Segment Start: EXERCISE DATA
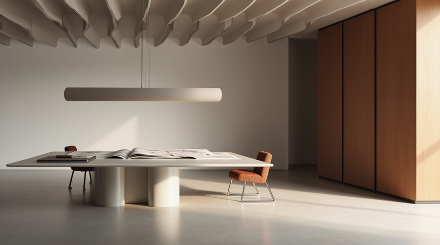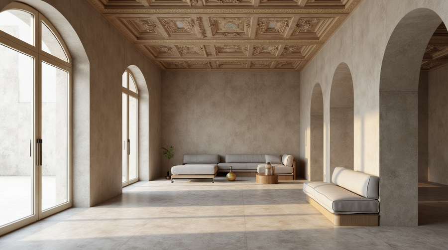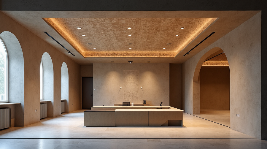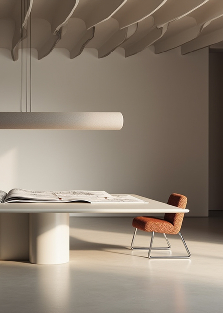 Promt: Create a workspace in an architectural office located in an old restored building. The interior should be minimalist, with walls and ceiling with elements of old moldings.
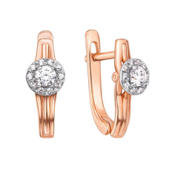 Серьги из красного золота 585 пробы с фианитами
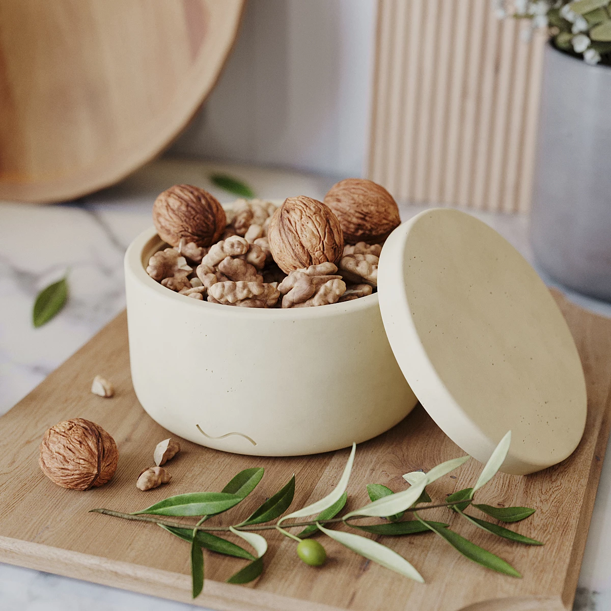 Astrid M - декоративная емкость с крышкой для хранения сыпучих продуктов, изготовленная вручную из особо прочного бетона.
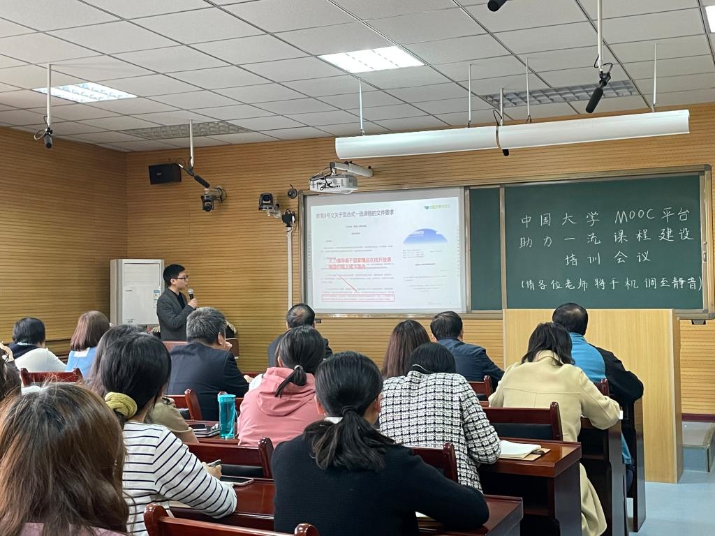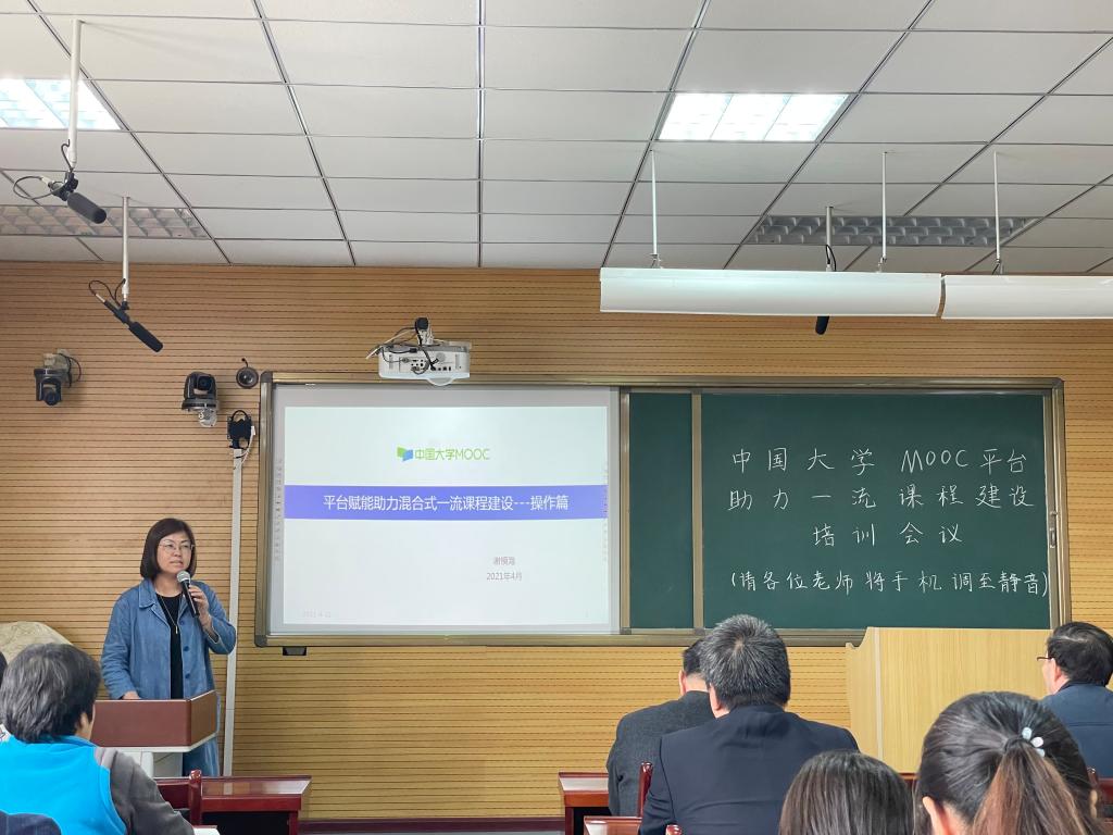 中国大学慕课谢模海首先介绍了中国大学MOOC平台的发展历程和国家级一流课程的评选过程和相关规定,详细分析了线上线下混合式课程申报的要求,利用北京理工大学徐厚宝教授和兰州交通大学李敏之教授成功申报国家级混合式一流课程的案例,从前期准备、教学设计、中期实施、后期数据统计等方面进行了具体讲解。最后,各专业、课程负责人从课程设计、学生互动答疑、平台使用等方面进行了互动。
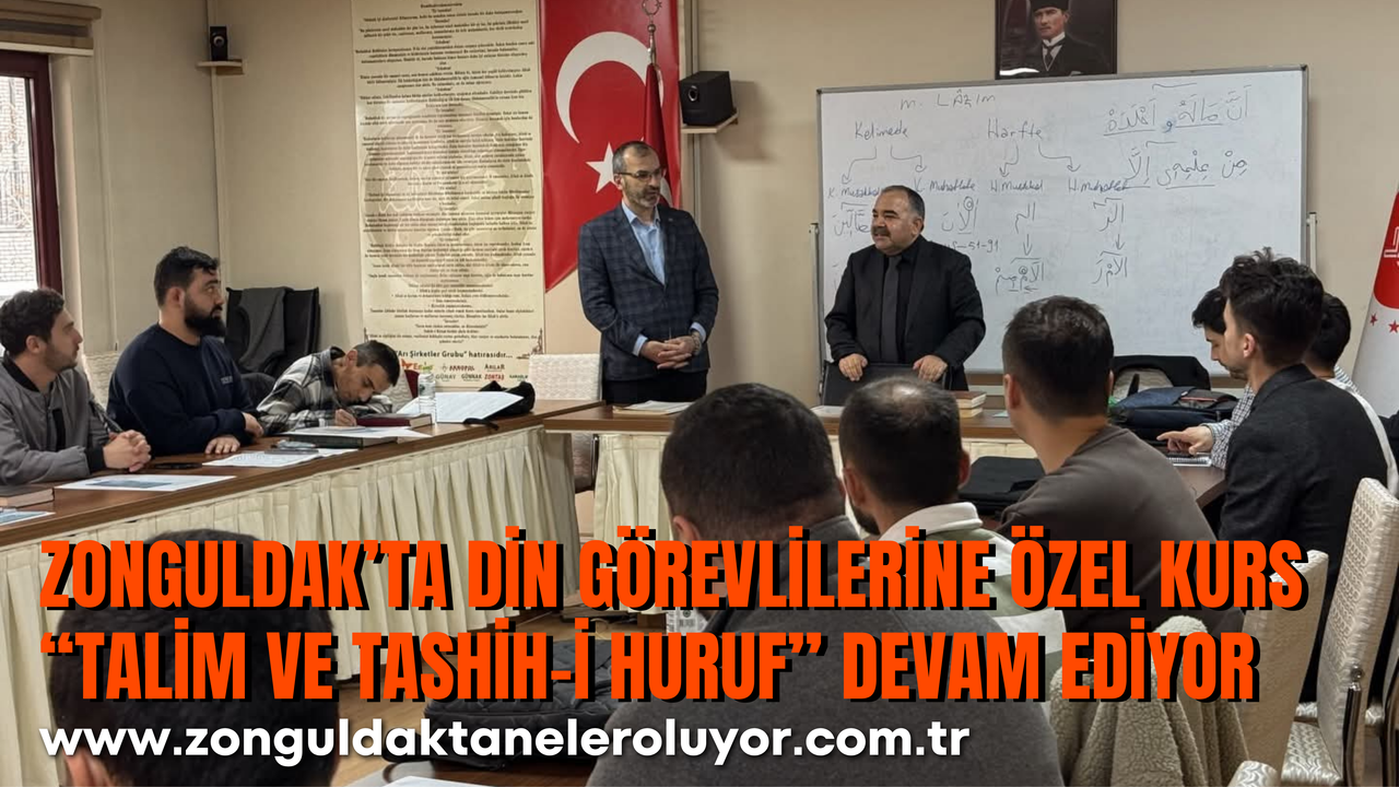 Zonguldak İl Müftülüğü tarafından, Kur’an kursları ve camilerde görev yapan personelin mesleki yeterliliklerini artırmak amacıyla düzenlenen “Talim ve Tashih-i Huruf Kursu” tüm hızıyla sürüyor.
Segment End: EXERCISE DATA
• **TASK DETAILS**
The reply should hold every line of the records unchanged and no pictures.

• **EXERCISE SOLUTION**
 Promt: Create a workspace in an architectural office located in an old restored building. The interior should be minimalist, with walls and ceiling with elements of old moldings.
 Серьги из красного золота 585 пробы с фианитами
 Astrid M - декоративная емкость с крышкой для хранения сыпучих продуктов, изготовленная вручную из особо прочного бетона.
 中国大学慕课谢模海首先介绍了中国大学MOOC平台的发展历程和国家级一流课程的评选过程和相关规定,详细分析了线上线下混合式课程申报的要求,利用北京理工大学徐厚宝教授和兰州交通大学李敏之教授成功申报国家级混合式一流课程的案例,从前期准备、教学设计、中期实施、后期数据统计等方面进行了具体讲解。最后,各专业、课程负责人从课程设计、学生互动答疑、平台使用等方面进行了互动。
 Zonguldak İl Müftülüğü tarafından, Kur’an kursları ve camilerde görev yapan personelin mesleki yeterliliklerini artırmak amacıyla düzenlenen “Talim ve Tashih-i Huruf Kursu” tüm hızıyla sürüyor.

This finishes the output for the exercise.